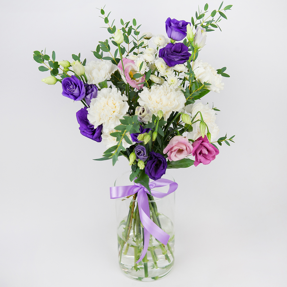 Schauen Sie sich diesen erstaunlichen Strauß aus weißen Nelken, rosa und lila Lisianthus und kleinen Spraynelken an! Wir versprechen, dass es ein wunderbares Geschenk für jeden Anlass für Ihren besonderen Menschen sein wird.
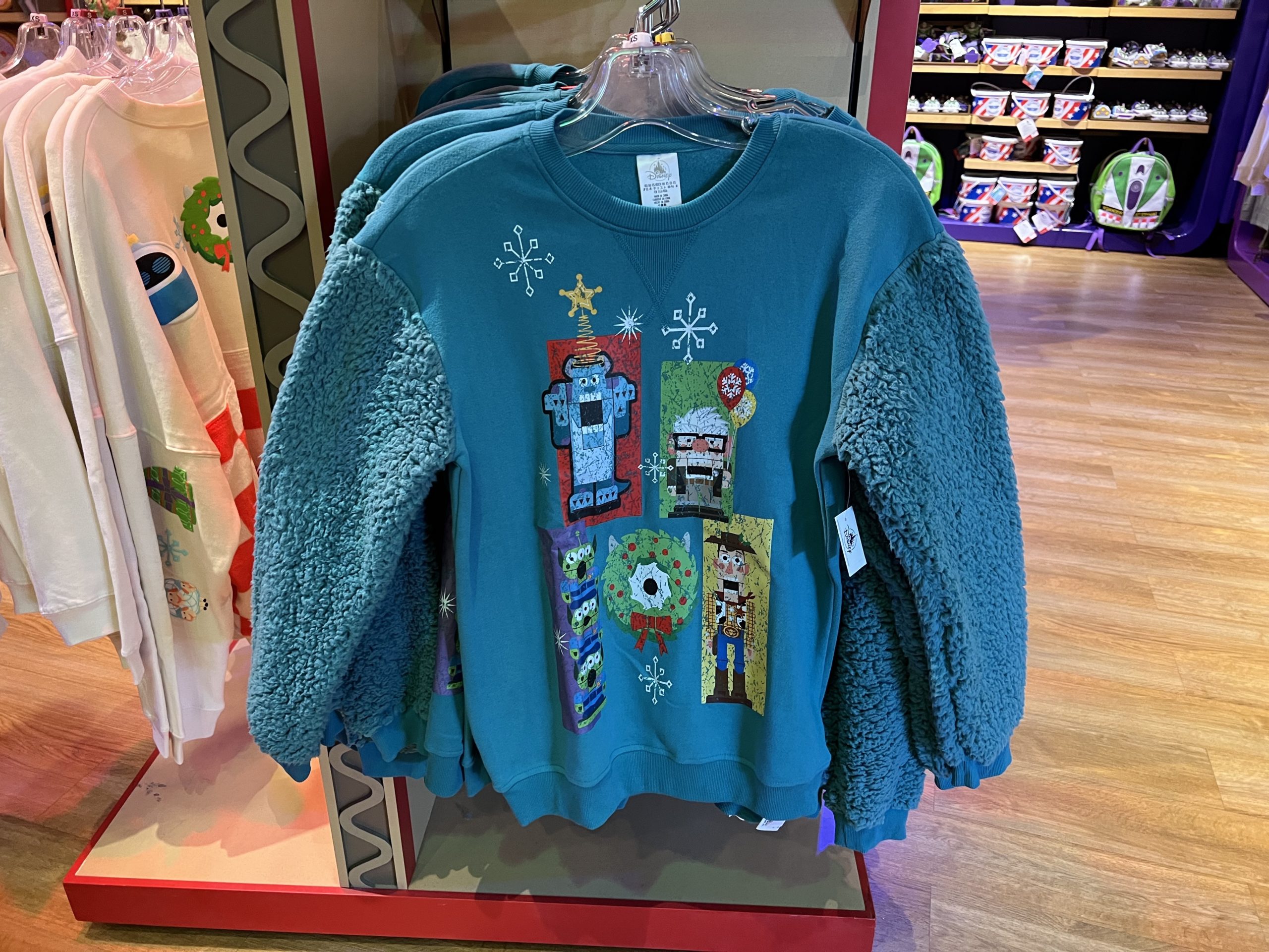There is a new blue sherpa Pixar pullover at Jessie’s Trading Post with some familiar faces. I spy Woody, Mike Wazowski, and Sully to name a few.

= = = = = = =

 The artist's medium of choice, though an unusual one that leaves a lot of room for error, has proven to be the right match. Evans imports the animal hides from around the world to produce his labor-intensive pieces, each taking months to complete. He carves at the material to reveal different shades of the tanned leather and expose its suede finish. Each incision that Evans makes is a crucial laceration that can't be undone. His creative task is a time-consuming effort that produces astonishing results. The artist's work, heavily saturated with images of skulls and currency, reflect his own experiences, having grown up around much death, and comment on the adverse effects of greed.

= = = = = = =

Output should consist of the lines above from the one with "Schauen Sie sich" down to the one with "There is a new", exact and without pictures.

 Schauen Sie sich diesen erstaunlichen Strauß aus weißen Nelken, rosa und lila Lisianthus und kleinen Spraynelken an! Wir versprechen, dass es ein wunderbares Geschenk für jeden Anlass für Ihren besonderen Menschen sein wird.
There is a new blue sherpa Pixar pullover at Jessie’s Trading Post with some familiar faces. I spy Woody, Mike Wazowski, and Sully to name a few.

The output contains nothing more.